### Task description:
Every line of the listing below should come back exactly as written, with no images.

##### Information shown

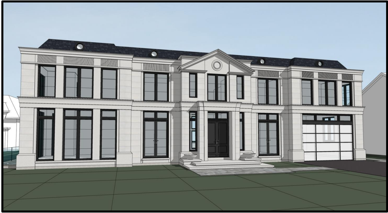
1547 Bayview Road – Proposed Front Elevation
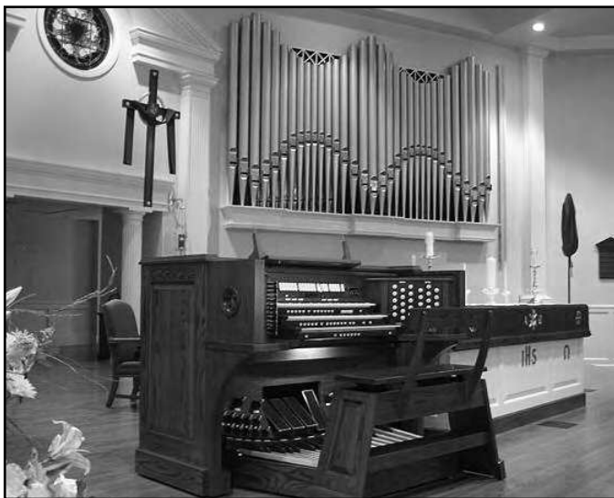
2006 Schantz at St. Peter's Evangelical Lutheran Church
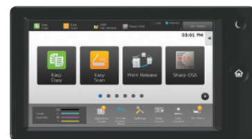
Award-winning 10.1" (diagonally measured) customizable touchscreen display.

##########

### Exercise solution:
1547 Bayview Road – Proposed Front Elevation
2006 Schantz at St. Peter's Evangelical Lutheran Church
Award-winning 10.1" (diagonally measured) customizable touchscreen display.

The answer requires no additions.